I will also dig up the archive to see if I can help in any way.

- Ken

2007-01-02 11:01:55

by Christoph Hellwig

[permalink] [raw]
Subject: Re: [patch] remove redundant iov segment check

> I wonder if it wouldn't be better to make this change as part of a
> larger change that moves towards an explicit iovec container struct
> rather than bare 'struct iov *' and 'nr_segs' arguments. The struct
> could have a flag that expressed whether the elements had been
> checked. A helper could be called by the upper and lower code paths
> which does the checking, marks the flag, and avoids checking again if
> the flag is set.
>
> We've wanted an explicit struct in the past to avoid the multiple
> walks of iovecs that various paths do for their own reasons. The
> iovec walk that is checking for length wrapping could also be
> building a bitmap of length alignment that O_DIRECT could be using to
> test 512B alignment without having to walk the iovec again.

I suspect it should be rather trivial to get this started. As a first
step we simply add a

struct iodesc {
int nr_segs;
struct iovec ioc[]
};

And then we can add fields where nessecary. First a full_length one
to avoid the loops to calculate thw whole I/O size, then flags for
the alignment check, etc..

2007-01-02 18:22:06

by Zach Brown

[permalink] [raw]
Subject: Re: [patch] remove redundant iov segment check

>> I wonder if it wouldn't be better to make this change as part of a
>> larger change that moves towards an explicit iovec container struct
>> rather than bare 'struct iov *' and 'nr_segs' arguments.

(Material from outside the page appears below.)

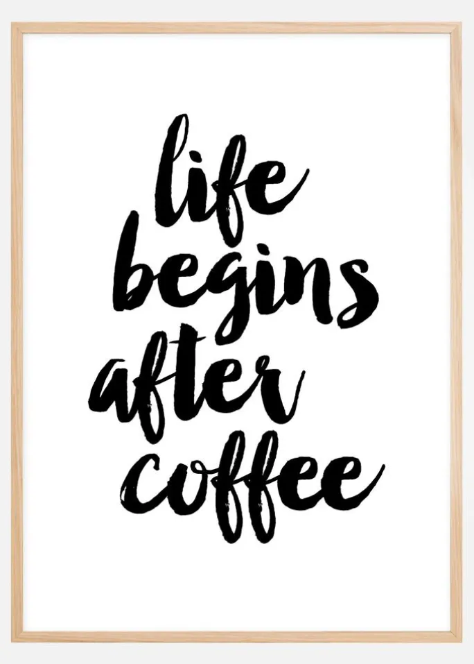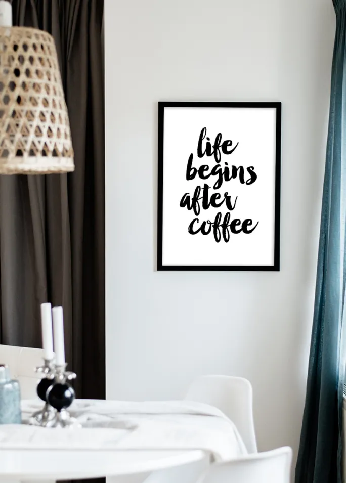 Du ved, at du vil gøre det godt på jobbet i dag, og at du bagefter endda vil have energi tilbage til at være sammen med familie og venner. Men faktum er, at før du kan gøre noget af dette, har du brug for en kop opkvikkende kaffe. Der er intet at skamme sig over! Hæng i stedet denne herlige plakat på væggen og nyd en kop af den vidunderlige drik. Posteren er hvid med et sort tryk i form af teksten ”Life begins after coffee” skrevet med en legesyg og krøllet skrifttype. Køkkenplakater bliver ofte meget smukke sammen med sølvfarvede rammer, som matcher vask, blandingsbatteri og andre metaldetaljer, der normalt findes i et køkken. Posteren findes i flere forskellige størrelser og prisklasser.

> I suspect it should be rather trivial to get this started. As a first
> step we simply add a
>
> struct iodesc {
> int nr_segs;
> struct iovec ioc[]
> };

Agreed, does anyone plan to try this in the near future? I can
always throw it at the bottom of the todo list :/.

- z

2007-01-02 18:25:58

by Chen, Kenneth W

[permalink] [raw]
Subject: RE: [patch] remove redundant iov segment check

Zach Brown wrote on Tuesday, January 02, 2007 10:22 AM
> >> I wonder if it wouldn't be better to make this change as part of a
> >> larger change that moves towards an explicit iovec container struct
> >> rather than bare 'struct iov *' and 'nr_segs' arguments.
>
> > I suspect it should be rather trivial to get this started. As a first
> > step we simply add a
> >
> > struct iodesc {
> > int nr_segs;
> > struct iovec ioc[]
> > };
>
> Agreed, does anyone plan to try this in the near future?

Yes, I will take a stab at it this week.